I like this advice very much. It's funny. It's personal. It's even helpful. Most of all, it contains my favourite American phrase: “off of”.

I was reminded of it last week when reading Fortune magazine, which has just asked the 28 biggest names in business what the best advice was they had ever been given. Judging from their answers, there has been a sorry falling off in the advice-giving trade since 1981. Biting and bears don't get a look-in.

Instead, the 28 pearls of wisdom turn out to be a mixture of bum steers, soppy platitudes and statements of the obvious.

Let's start with the bum steers. Jack Welch, the former head of General Electric, claims that the best bit of advice he was ever given was “be yourself”. This could be the dumbest tip I have ever heard. Who else would he be other than himself? And if it means act natural, then that's bad advice. In a business context it usually pays to act a bit unnatural, or else you start telling your boss that you think he's an idiot. It may be a good idea sometimes to let your idiosyncrasies show, though that does rather depend on what your idiosyncrasies happen to be.

The next bit of bad advice was passed down to Brian Roberts, CEO of Comcast, from his father: let others take the credit. If you follow this from the outset, you are certain to get nowhere. Taking the credit is essential for rising up any organisation. The trick is quietly to swipe the bulk of the credit yourself, while making a song and dance about passing the leftovers to the whole team.

Donny Deutsch, CEO of Deutsch Inc, advises: “If you love something, the money will come.” This is the most dangerous tip of all. My brother and my brother-in-law love playing the oboe and writing poetry respectively. Both have found that the money, alas, does not come. Were they to switch to something less loveable, like banking or stockbroking (as one of them has) the love might be less, but the money far, far, more.

Most of the advice given by these business superstars is soppy. This is the best advice Clayton Christensen, Harvard Business School professor, was ever given: “You can learn from anyone.” Were this true it would be a waste of money to pay tens of thousands of dollars a year to go to HBS. Other worthy tips include: “Surround yourself with people of integrity and get out of their way.” “Balance your work and family.” “Incorporate your philanthropy into your corporate structure.”

These tips give a clue as to what this exercise is all about. It is only pretending to be about advice. It is actually about how these people want to present themselves and about picking the piece of advice that they think flatters themselves them the most. Hence Jack Welch finds that being himself is the smartest thing to be. AG Lafley's top piece of advice is equally self-serving: “Have the courage to stick with a tough job.”

Nearly all these people say that the wisest mentors in their lives have been their parents and have a cute story to hand. Meg Whitman says she was mean to someone when she was 10, and her dad had said: “Be nice to people.” This had a profound effect on the young Meg.

I'm sure at 10 (and at plenty of other ages too) I was mean to people. And I daresay my dad told me off, if he found out. But the idea that there were these golden nuggets of wisdom handed down by our parents or by our mentors in business just doesn't ring true.

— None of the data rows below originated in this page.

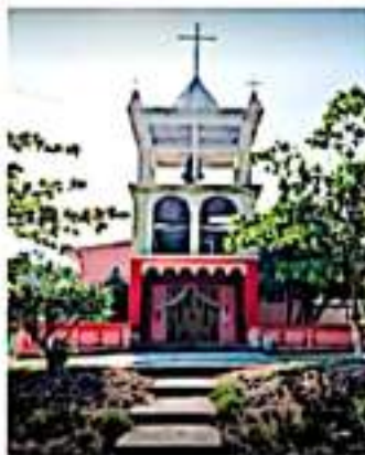
El templo de El Bejuco no fue dañado

El religioso afirmó que son miles los desplazados de pequeñas localidades en el municipio, quienes han buscado refugio en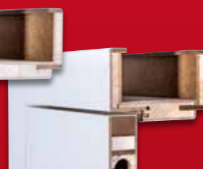
Zarge und Türblatt stumpf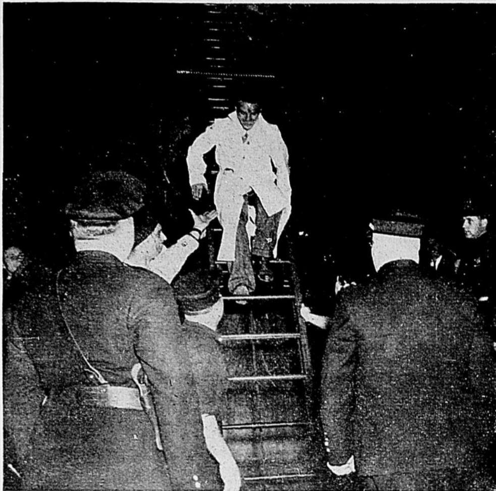
SERVICE DU ROI - O. H. M. S.

La foule se dissipe et l'on entend encore dans l'air, l'écho des chansons très originales.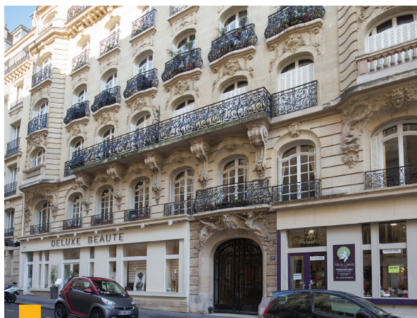
20, rue de Longchamp à Paris (16 ème )

Two people stand out in Fortune's survey for offering something less sanitised: Warren Buffett and Peter Drucker. Buffett refreshingly says that some of the advice his father gave him was wrong. Drucker's favourite advice was invigoratingly brusque: “Get good, or get out.” He tells how his first boss on a German newspaper said: “Drucker, if you don't improve radically in the next three weeks, you'd better look for another job.” Drucker remarks: “For me, that was the right treatment. He did not try to mentor me. The idea would have been considered absurd.”

Although this story appeals, the advice isn't actually that helpful. It's all very well to say get good, but how?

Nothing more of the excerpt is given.